I like it, Mike... The beautiful simplicity of craftsman/mission/shaker designs lets the wood do the talking.

Reactions: Like 1


----------



## BarbS (Nov 26, 2013)

I love the warmth of cherry. Very nice, Mike!

Reactions: Like 1


----------



## barry richardson (Nov 27, 2013)

Looks great Mike, Cherry is about my all time favorite, a pleasure to work with, smells great, and the older it gets, the better it looks...

Reactions: Like 1


----------



## rdnkmedic (Nov 27, 2013)

Beautiful work, Mike. Simple and functional.

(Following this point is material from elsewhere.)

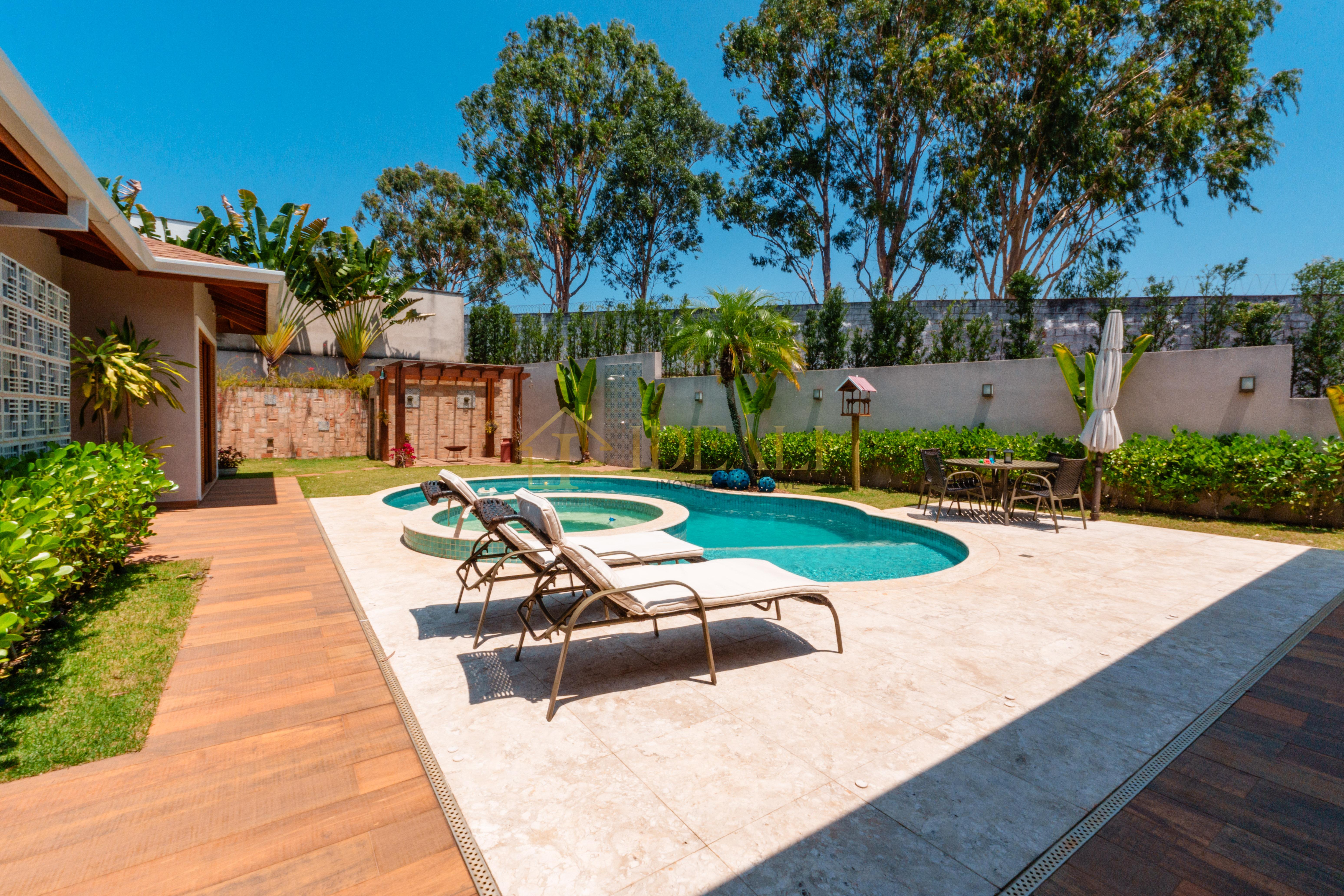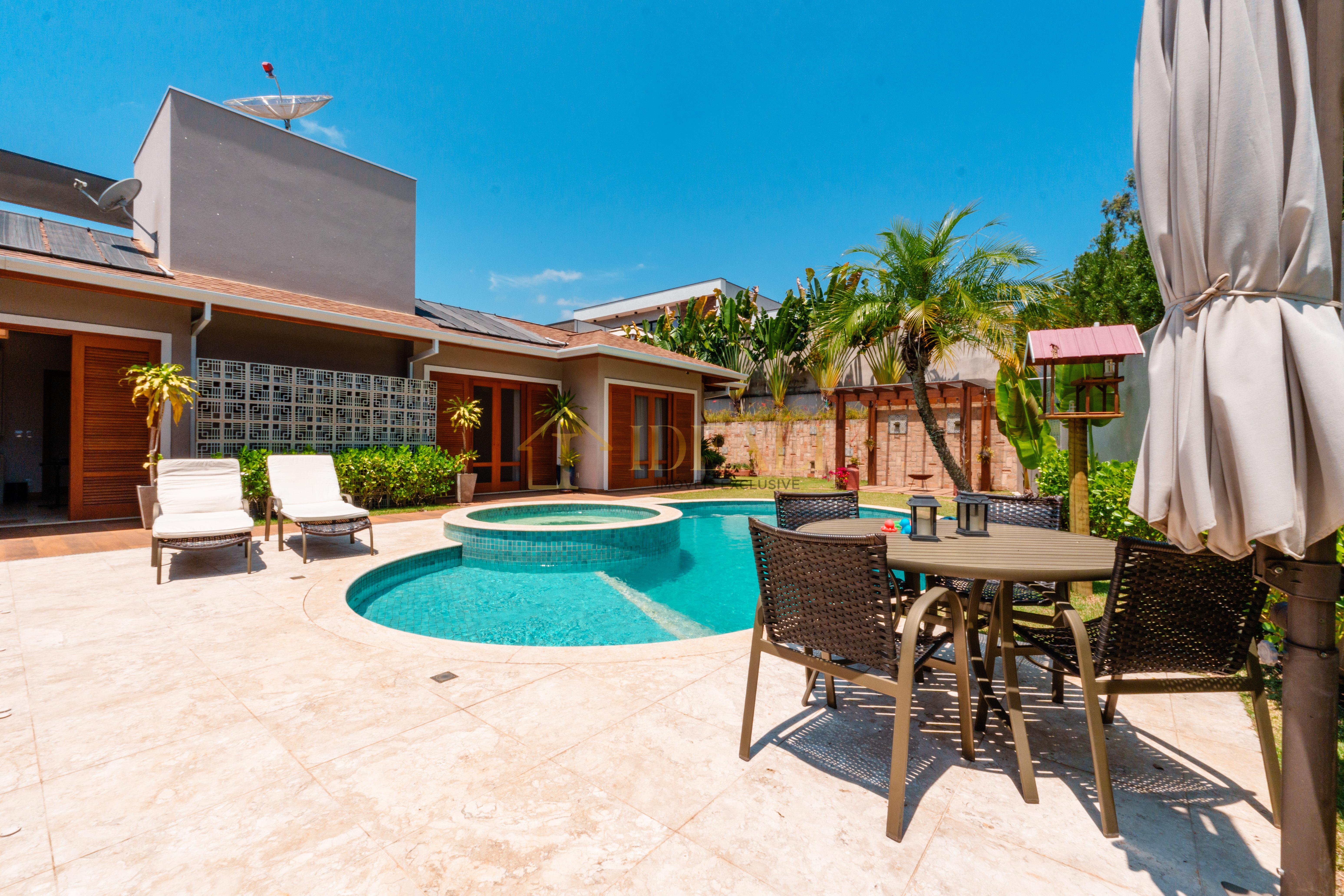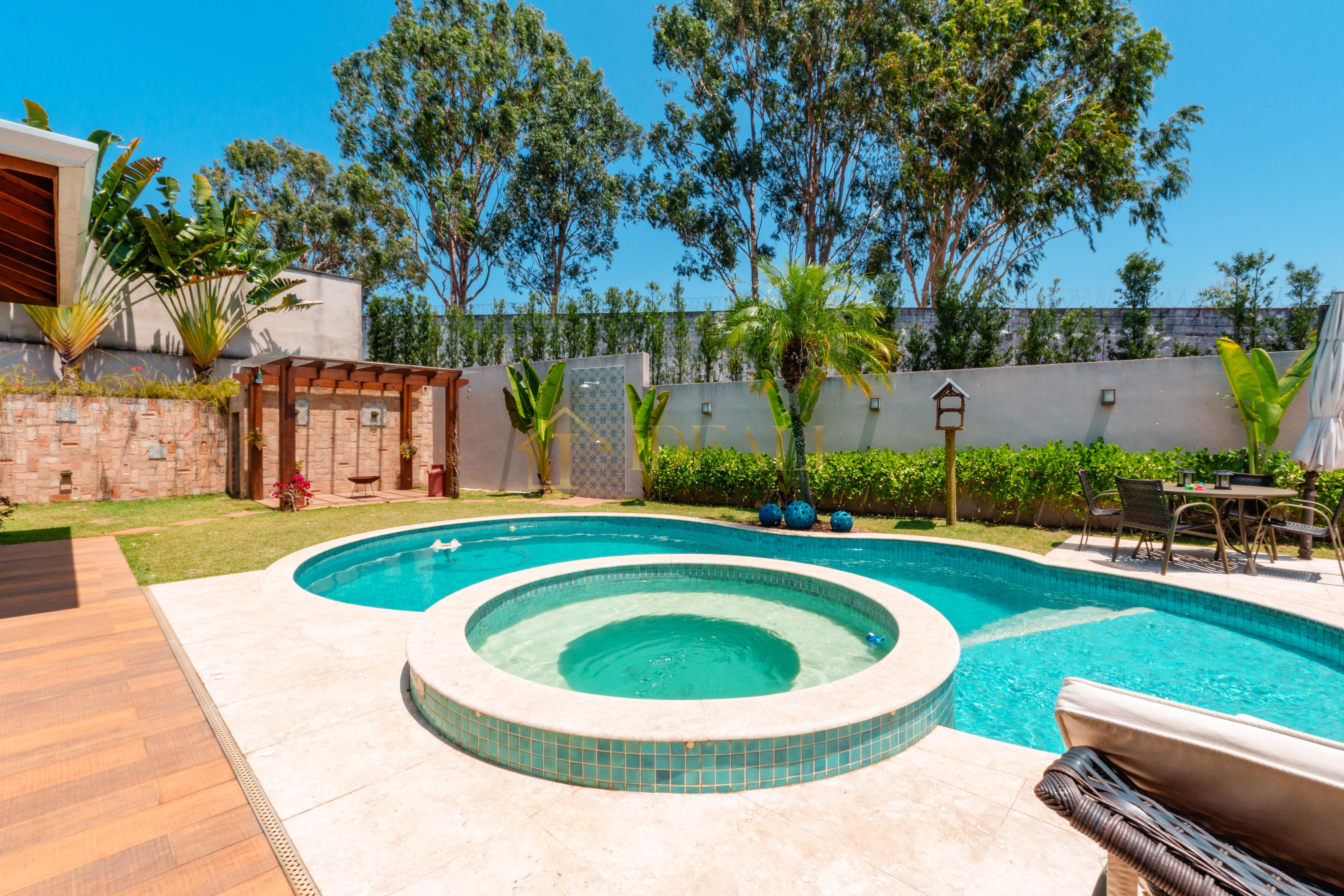 São 355 metros de área construída e 793 metros quadrados de área de terreno, abrigando uma casa com 3 suítes amplas, três salas, cozinha americana, despensa, lavanderia, piscina e jardim gramado, além de uma garagem coberta para dois carros.

Outstanding.

Reactions: Like 1


----------



## Mike1950 (Nov 27, 2013)

Thanks all- I have to agree with Barry- cherry is nice to work with and it had been a while- the sweet smell is nice.


----------



## Phaedrus (Nov 29, 2013)

Mike, 
That little cabinet turned out great! I look forward to seeing what else you come up with for the room!

Reactions: Like 1


----------



## NYWoodturner (Dec 3, 2013)

Very nice work Mike. Good job on the finish too. I love working with cherry but find finishing flatwork very difficult to finish without that blotchy effect.
What did you use?


----------



## Mike1950 (Dec 4, 2013)

NYWoodturner said:


> Very nice work Mike. Good job on the finish too. I love working with cherry but find finishing flatwork very difficult to finish without that blotchy effect.
> What did you use?



My same old dependable wipe-on oil/poly from general. 3 coats-an extra on top, steel wool 000 and then wipe on gel satin-general. They work good for me- kinda no brainer finish. I agree though- the machine work is easy- if you have done one mortise they are all the same. Finish is the key.
Cherry is deceiving- I am pretty good a seeing the figure and I did not see the figure in this wood- sure made it hard to plane!!!


----------